Cette doctrine trouve son fondement dans les bulles papales émises en 1455 et 1493 par les papes Nicolas V (« Romanus Pontifex ») et Alexandre VI (« Inter Caetera »), qui donnaient leur bénédiction à l’appropriation de terres qu’ils déclaraient « terra nullis » (sans personne). En 1820, le juge de la Cour suprême américain John Marsahll a cité la Doctrine de la Découverte pour justifier la souveraineté américaine. Ainsi, la Doctrine a été consacrée en droit positif au 19e siècle, sur la base des bulles papales du 15e siècle. Selon l’Instance permanente des Nations Unies sur les Questions Autochtones, les bulles papales sont toujours en vigueur.
Le Vatican est apparemment toujours en train d’étudier la complexité de la question, et prévoit de publier une déclaration sur le sujet lorsqu’il sera prêt.
Le pape a déclaré à Maskwacis que le comportement de l’Église "était une erreur dévastatrice, incompatible avec l’Évangile de Jésus-Christ… Face à ce mal scandaleux, l’Église s’agenouille devant Dieu et implore son pardon pour les péchés de ses enfants". Et à la cathédrale Notre-Dame de Québec, il a insisté pour que "la communauté chrétienne ne se laisse plus jamais contaminer par l’idée qu’il existe une culture supérieure aux autres et qu’il est légitime d’utiliser des moyens de coercition contre les autres”.
Si une demande de pardon exige la reconnaissance d’un acte répréhensible, la tristesse pour ce qui s’est passé, un engagement à ne plus jamais recommencer et une action pour remédier à ce qui s’est passé, d’une manière ou d’une autre, le pape François a pris toutes ces mesures.
Le chef autochtone Wilton Littlechild s’est fait l’écho des sentiments de beaucoup lorsqu’il a déclaré que "la visite du pape a été une bénédiction, ses paroles ont été des paroles de guérison.”
Phillip Fontaine, le premier autochtone à avoir parlé publiquement, en octobre 1990, des abus subis dans un pensionnat, et qui a ensuite rempli trois mandats consécutifs en tant que chef national de l’Assemblée des Premières Nations, a déclaré, lors de la visite du pape au stade du Commonwealth, juste avant le début de la messe, que la réconciliation est un cheminement collectif ; qu’il ne faut jamais oublier, mais pardonner. Il a exprimé sa gratitude au Saint-Père, « un homme humble qui a demandé le pardon avec des mots significatifs ». Il a conclu que les peuples indigènes ont invité l’Église catholique à marcher avec eux pour construire un monde meilleur, pour réparer les relations entre leurs communautés et l’Église.
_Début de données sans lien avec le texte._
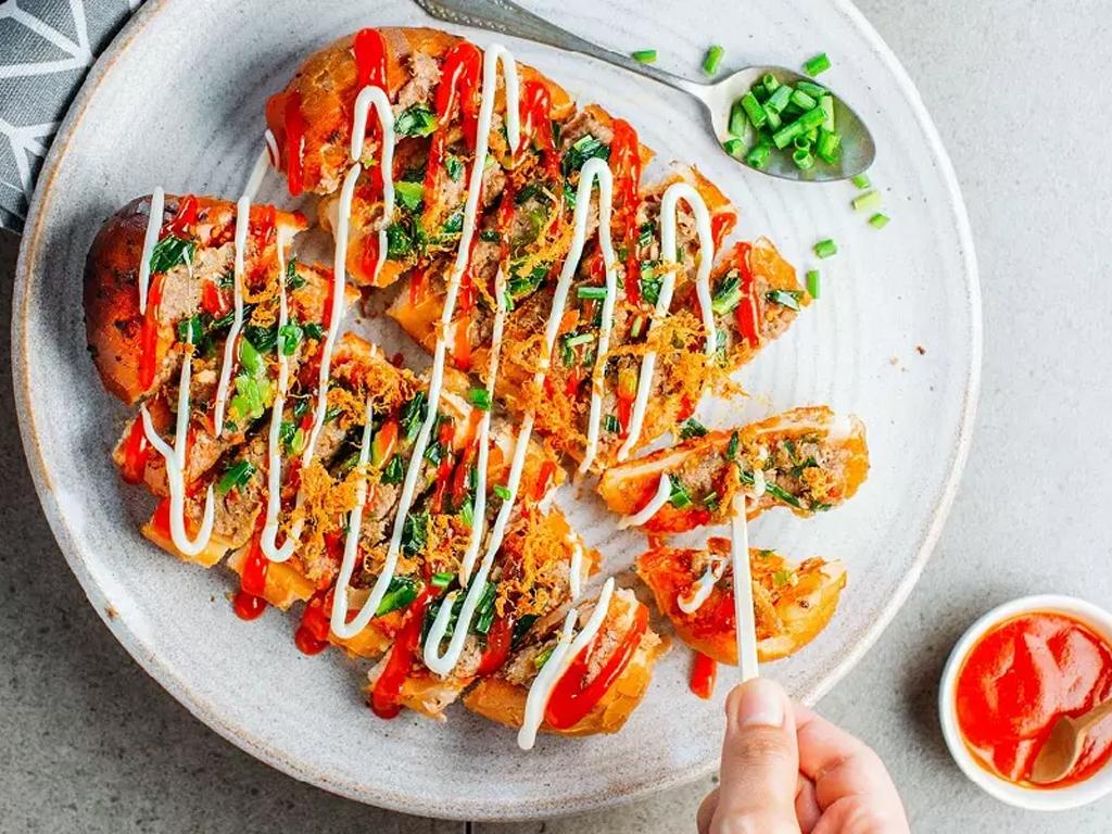 Trong khi đợi nồi cơm điện sharp nóng, bạn chuẩn bị sốt quét bánh mì. Bạn đun chảy bơ cho bơ vào bát nhỏ cho thêm 2 muỗng sa tế cùng tương ớt lượng vừa đủ. Cuối cùng, bạn quét hỗn hợp này lên bánh mì và cho bánh mì bỏ vào nồi cơm điện để nướng.

Et il a exprimé sa conviction que « ce moment nous donnera la force de marcher ensemble ».
Le pape a fait référence aux longues distances du Canada (c’est le deuxième plus grand pays du monde), et à la similitude avec le long chemin de réconciliation que nous devons parcourir ensemble. Sa venue au Canada a été un geste de dimension historique, il a fait un voyage avec les peuples autochtones sur leur terre, même s’il est en fauteuil roulant.
Il est temps de poursuivre le processus de réconciliation par des actions concrètes, et nous sommes tous invités à les entreprendre à tous les niveaux de notre vie.
Lors de son dernier passage au Canada, au Québec, le Pape a déclaré que « pendant ma visite, ce sont vos réalités, les réalités autochtones de cette terre, qui ont visité mon âme ; elles sont entrées en moi et m’accompagneront toujours ». Sans aucun doute, il reste aussi dans nos cœurs.